Maurice André Raymond Herzog (15 January 191913 December 2012) was a French mountaineer and administrator who was born in Lyon, France. He led the 1950 French Annapurna expedition that first climbed a peak over 8000m, Annapurna, in 1950, and reached the summit with Louis Lachenal. Upon his return, he wrote a best-selling book about the expedition, Annapurna.

Ascent of Annapurna I: a historic exploit 

On 3 June 1950, Herzog and Louis Lachenal became the first climbers in modern history to climb a peak over 8000m when, on the 1950 French Annapurna expedition, they summited the Himalayan mountain Annapurna I, the 10th-highest mountain in the world. The ascent was all the more remarkable because the peak was explored, reconnoitered and climbed all within one season; and was climbed without the use of supplemental oxygen. It is also the only 8000 meter summit that was reached at the first attempt.  Herzog was awarded the 1950 Gold Medal of the Société de Géographie.

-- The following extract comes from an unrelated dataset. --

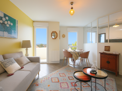 Un séjour lumineux ouvrant sur une spacieuse terrasse / balcon avec vue dégagée,
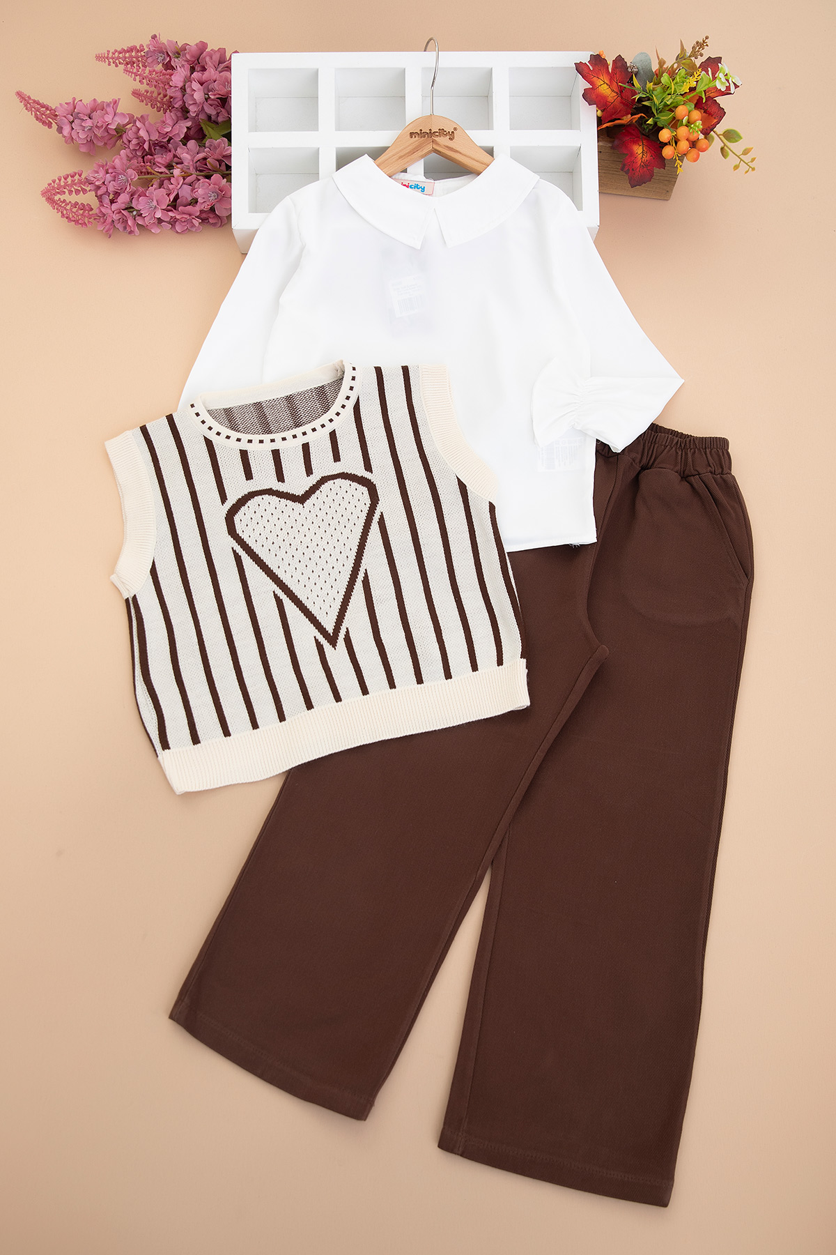 Kız Çocuk Kalpli Triko Üçlü Takım - 7414 (6-10 Yaş)

The event caused a huge sensation that was only matched when Everest was summited in 1953 by Edmund Hillary and Tenzing Norgay.

The two-week retreat from the peak proved very challenging. Both climbers had opted for light boots for the summit dash. This, combined with Herzog losing his gloves near the summit and a night spent bivouacked in a crevasse on the descent with one sleeping bag for four climbers (Lachenal, Gaston Rébuffat, Lionel Terray, and Herzog) resulted in severe frostbite, with consequent gangrene requiring the expedition doctor to perform emergency amputations in the field. Both summit climbers lost all of their toes and Herzog most of his fingers.

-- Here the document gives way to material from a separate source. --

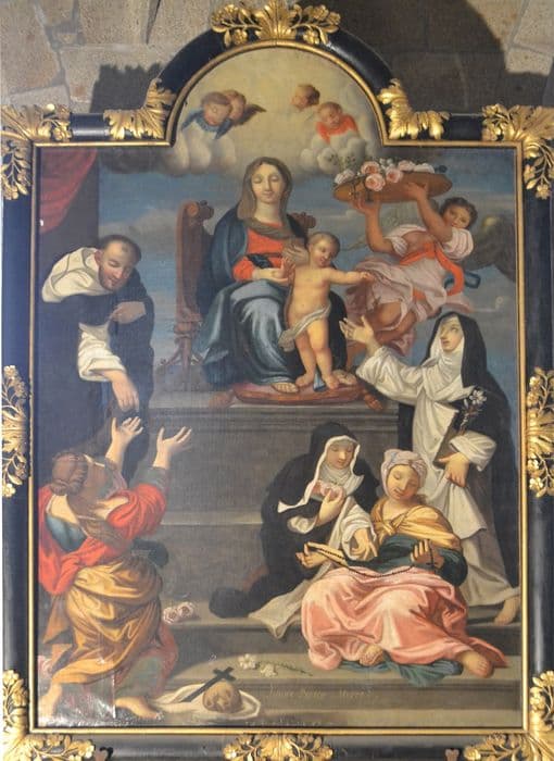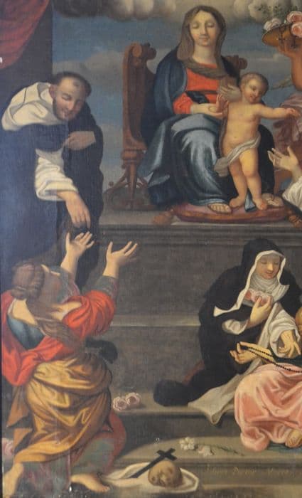 Apparition de la Vierge à saint Dominique ; sainte Catherine de Sienne ; remise : rosaire

Annapurna I was not climbed again until 1970, when the French north face route was climbed by a British Army expedition led by Colonel Henry Day, simultaneously with an ascent of the south face by an expedition led by British climber Chris Bonington.  The mountain's fourth ascent was not until 1977.

Book
Herzog's account of the expedition was published first in 1951 in French, then in English in 1952 under the title Annapurna.  The book has sold over 11 million copies as of 2000, more than any other mountaineering title. Ending with the stirring line "there are other Annapurnas in the lives of men" (in the context of the book, an exhortation to answer the challenges that life offers), the book gave an account of the expedition that established Herzog's climbing reputation and inspired a generation of mountaineers.

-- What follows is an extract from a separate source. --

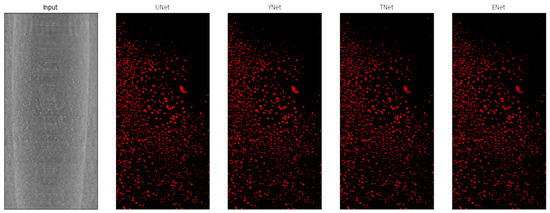 XCT cross-section along the x–y plane and corresponding segmentation results for U-Net, Y-Net, T-Net (TransforCNN), and E-Net.

Controversy over his account of the ascent 
Some aspects of Herzog's account of the summit day have been called into question with the publication of other members’ accounts of the expedition, most significantly by a biography of Gaston Rébuffat and the posthumous publication, in 1996, of Lachenal's contemporaneous journals. The 2000 book True Summit: What Really Happened on the Legendary Ascent of Annapurna by David Roberts gives one view of the controversy.

Other achievements 
Herzog went on to become the French Minister of Youth and Sport from 1958 to 1963, and mayor of the alpine town of Chamonix-Mont-Blanc. He was a member of the International Olympic Committee for 25 years from 1970, and has an honorary member after 1995. He was a Grand Officer of the Legion d'Honneur and holder of the Croix de Guerre for military service 1939–45.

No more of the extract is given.